Turning now to FIG. 11, illustrated therein is the flexible display 104 after being coupled to the blade assembly 102. As shown, the silicone border 127 surrounds the flexible display 104, with the silicone border 127 surrounding and abutting three sides of the flexible display layer (803).

A flexible substrate is then connected to the electronic circuits 1001 carried by the T-shaped tongue 807. Additionally, a tensioner can be coupled to the flexible substrate 805. Thereafter, a cover 1101 is attached to the silicone border 127 atop the electronic circuits 1001 and other components situated on or around the T-shaped tongue. This portion the blade assembly 102 where the components are stored beneath the cover 1101 is affectionately known as the “backpack.” Turning to FIG. 12, illustrated therein is the blade assembly 102 with its backpack 1201 completely configured.

In one or more embodiments, the flexible display 104 and blade assembly 102 are configured to wrap around a minor surface of a device housing where a display roller mechanism is situated. In one or more embodiments, the display roller mechanism includes a rotor that is positioned within a curvilinear section of the flexible display 104 and blade assembly 102. When placed within a device housing of an electronic device, translation of a translation mechanism causes translation of the blade assembly 102, which in turn causes rotation of the rotor. The result is a linear translation of the flexible display 104 and blade assembly 102 across a translation surface of the device housing by drawing the flexible display 104 and the blade assembly 102 around the rotor.

That the blade substrate (125) of the blade assembly 102 includes a flexible portion (810) allows the blade assembly 102 and flexible display 104 to deform around a device housing, one example of which is the single device housing (101) of FIG. 1. Illustrating by example, turning now to FIGS. 13-14, illustrated therein is the blade assembly 102 and flexible display deformed to create a curvilinear section 1301 and two linear sections 1302,1303. The flexible display 104 and blade assembly 102 are shown as they would be in the retracted position 300 in FIG. 13. The flexible display 104 and the blade assembly 102 are shown as they would be in the extended position 200 in FIG. 14. The enlarged view 1401 of FIG. 14 shows how the apertures defined by the chemical etching of the blade substrate 125 easily allow the blade substrate 125 to bend around the curvilinear section 1301 while maintaining a rigid support structure beneath the flexible display 104 in the two linear sections 1302, 1303.

In one or more embodiments, the first linear section 1302 and the second linear section 1303 are configured to slide between the retracted position 300 of FIG. 13 and the extended position 200 of FIG. 14. The flexible display 104 is coupled to the blade assembly 102 and therefore translates with the blade assembly 102 along a translation surface defined by a device housing of an electronic device.

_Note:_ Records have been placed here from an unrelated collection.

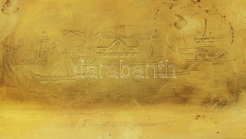 1891 Balatonfüredi emlék. Réz tál, parti életképpel vitorlás hajókkal ... https://www.darabanth.com/de/459-Fernauktion/459.0/Kunst-Dokumente-andere-Sammelgebiete/Antik~1000008/1891-Balatonfuredi-emlek-Rez-tal-parti-eletkeppel-vitorlas-hajokkal-es-felirattal-vesett-23x14-cm~II3070269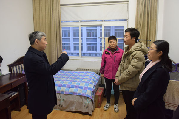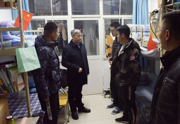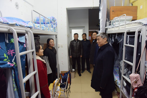 11月27日下午,院长赵升田在校办公室、学生工作处、后勤管理处负责同志的陪同下,深入学生宿舍开展调研工作。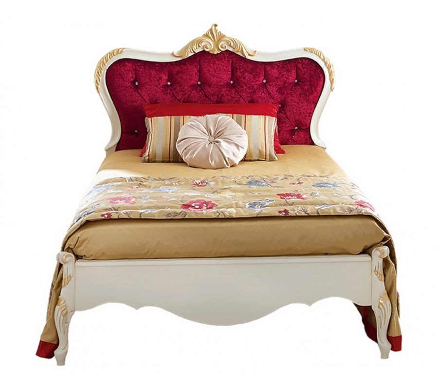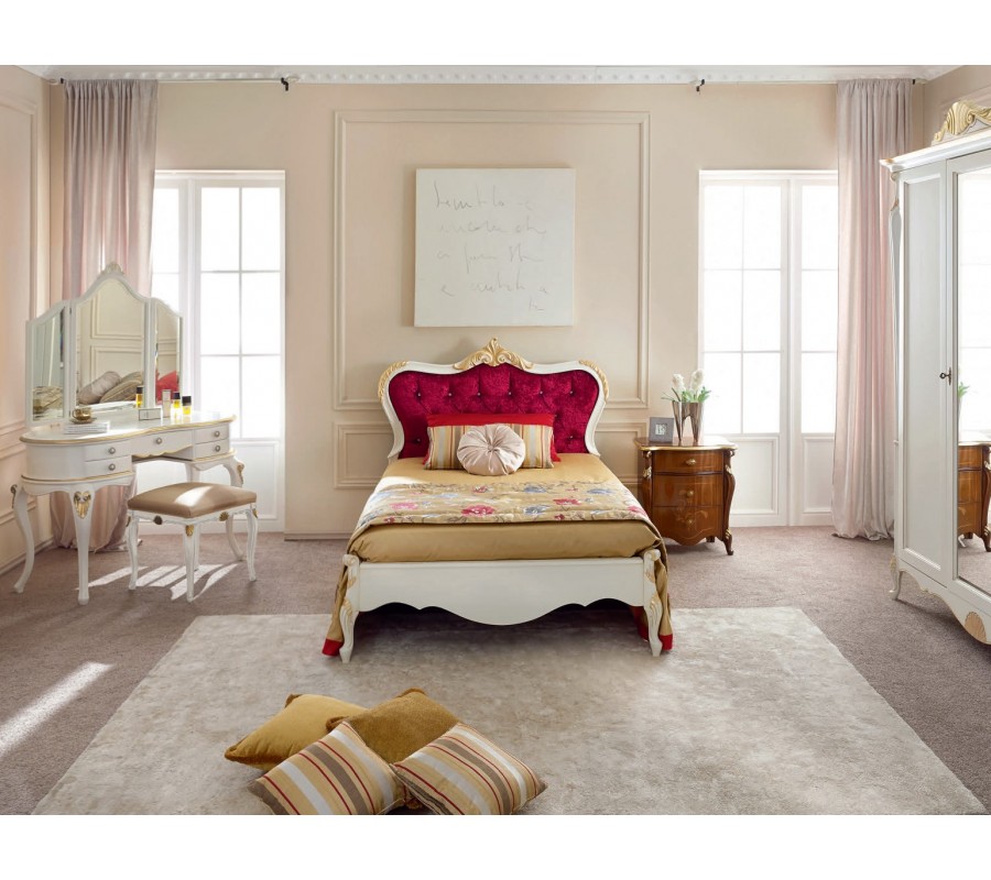 Luxusná posteľ z kolekcie talianskeho nábytku Pasiones je špecifická svojím znamenitým barokovým vzhľadom, ktorý je dosiahnutý kombináciou masívneho dreva a čalúneného čela s chesterfield prešívaním. Poťah červenej farby vytvára štýlovú kombináciu s krémovým povrchovým prevedením dreva a zároveň sa postará o vaše pohodlie. Farbu dreva je možné vybrať z niekoľkých variantov, ktoré sú k dispozícii v priloženom vzorkovníku. Jedinečný starožitný vzhľad je dosiahnutý najmä vyrezávanými nožičkami, elegantnými zaoblenými líniami a bohatým ornamentálnym zdobením zlatej farby. Posteľ Pasiones krásne vynikne v klasicky, barokovo či rustikálne ladených spálňach a dá sa vhodne kombinovať s masívnym nábytkom.

In one or more embodiments, the linear sections 1302, 1303 of the blade assembly 102 are positioned between the flexible display 104 and the translation surface. A rotor is then positioned within a curvilinear section 1301 of the blade assembly 102. When a translation mechanism causes the linear sections 1302, 1303 of the blade assembly 102 to move across the translation surface defined by the device housing, the rotor rotates with the flexible portion 810 passing along the rotor while the rotor rotates.

As shown in FIGS. 13-14, in one or more embodiments a cross section of both the blade assembly 102 and the flexible display 104 defines a J-shape with a curved portion of the J-shape, defined by the curvilinear section 1301, configured to wrap around a rotor and an upper portion of the J-shape, defined by linear section 1302, passing across a translation surface defined by a device housing. When the translators of a translation mechanism drive the blade assembly 102, the upper portion of the J-shape becomes longer as the flexible display 104 translates around the rotor with the blade assembly 102 extending further from of the device housing. This can be seen in FIGS. 13-14 by comparing the extended position 200 of FIG. 14 to the retracted position 300 of FIG. 13.

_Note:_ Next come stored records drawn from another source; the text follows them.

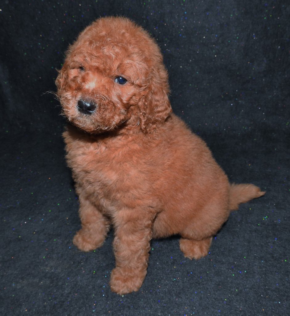 Tucker is an AKC Miniature poodle stud that we are excited about. He sports a Dark Red color with the white socks and chest making him a very sharp looking stud which when bred to select females in our program will create some very awesome looking Goldendoodles and Labradoodles. He is a lover and charms everyone he meets Look for his pups to be highly intelligent, very friendly and be prepared for his pups to draw a lot of attention when out on walks. If your looking for a smaller power packed package take a hard look at Tucker’s pups. Tucker weighs 13#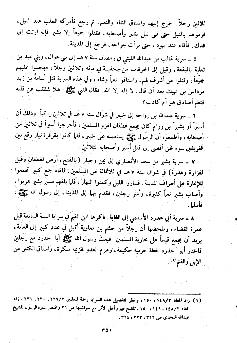 (1) زاد المعاد 2/ 149، 150، وانظر لتفصيل هذه السرايا رحمة للعالمين 2/ 229، 230، 231، زاد المعاد 2/ 148، 149، 150، تلقيح فهوم أهل الأثر مع حواشيها ص 31 ومختصر سيرة الرسول للشيخ عبد الله النجدي ص 322، 323، 324.
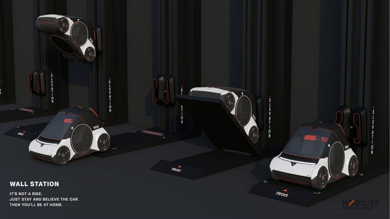 The electric car of the future is called Trois, which means “three” in French, and the name was chosen very intentionally, as the mini car can switch between three modes of driving: ground, wall, and bridge. To be able to climb and descend walls and under bridges, Trois uses magnetic energy.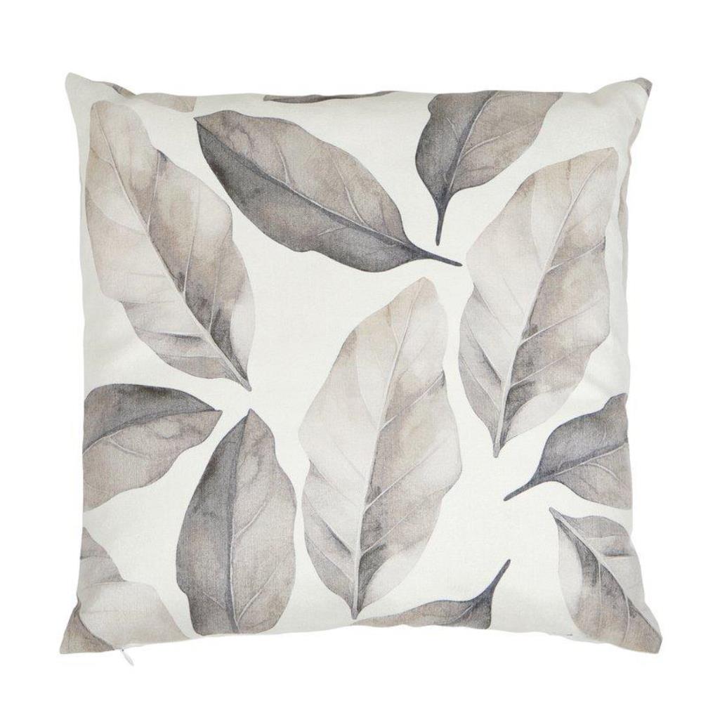 Kuddfodral Ponza från Fondaco med ett vackert bladmönster på en offwhite botten, som ger en naturlig och harmonisk känsla. Baksidan är enfärgad och matchar mönstret, som ger en fin balans mellan mönster och enkelhet. Storlek: 45x45 cm.

When the translators of the translation mechanism drive the blade assembly 102 in the opposite direction, e.g., driving the blade assembly 102 from the extended position 200 of FIG. 14 to the retracted position 300 of FIG. 13, the upper portion of the J-shape becomes shorter as the reverse operation occurs. Thus, when the translation mechanism drives the blade assembly 102 carrying the flexible display 104, the flexible display 104 deforms at different locations as it wraps and passes around the rotor.

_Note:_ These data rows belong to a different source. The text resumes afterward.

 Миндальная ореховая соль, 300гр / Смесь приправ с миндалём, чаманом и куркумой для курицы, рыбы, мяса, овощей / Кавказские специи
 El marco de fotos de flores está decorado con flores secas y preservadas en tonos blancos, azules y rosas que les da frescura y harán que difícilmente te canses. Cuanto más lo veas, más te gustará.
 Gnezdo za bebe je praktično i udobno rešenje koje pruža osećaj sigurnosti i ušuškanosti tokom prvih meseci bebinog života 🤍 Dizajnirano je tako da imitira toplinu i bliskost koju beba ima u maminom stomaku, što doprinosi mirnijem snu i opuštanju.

It should be understood that a more traditional “J-shape” is principally defined when the blade assembly 102 is transitioned to the extended position 200 of FIG. 14. Depending upon the length of the blade assembly 102 and flexible display 104, combined with the amount the translation mechanism can cause the blade assembly 102 to slide around the rotor, the J-shape may transition to other shapes as well, including a U-shape where the upper and lower portions of the blade assembly 102 and/or flexible display 104 are substantially symmetrical. Such a U-shape forms when the blade assembly is in the peek position but is substantially formed in the retracted position 300 of FIG. 3. In other embodiments, depending upon construction, the blade assembly 102 may even transition to an inverted J-shape where the upper portion of the blade assembly 102 and/or flexible display 104 is shorter than the lower portion of the blade assembly 102 and/or flexible display 104, and so forth.

In one or more embodiments, the translators and rotor of the translation mechanism not only facilitate the “extension” of the flexible display 104 that occurs during an extending or “rising” operation, but also works to improve the reliability and usability of the flexible display 104 as well. This is true because the rotor defines a service loop 1304 in the curvilinear section 1301 with a relatively large radius compared to the minimum bending radius of the flexible display 104. The service loop 1304 prevents the flexible display 104 from being damaged or developing memory in the curved state occurring as the flexible display 104 defines the curvilinear section 1301 wrapping around the rotor in the extended position 200, retracted position 300, and peek position (500).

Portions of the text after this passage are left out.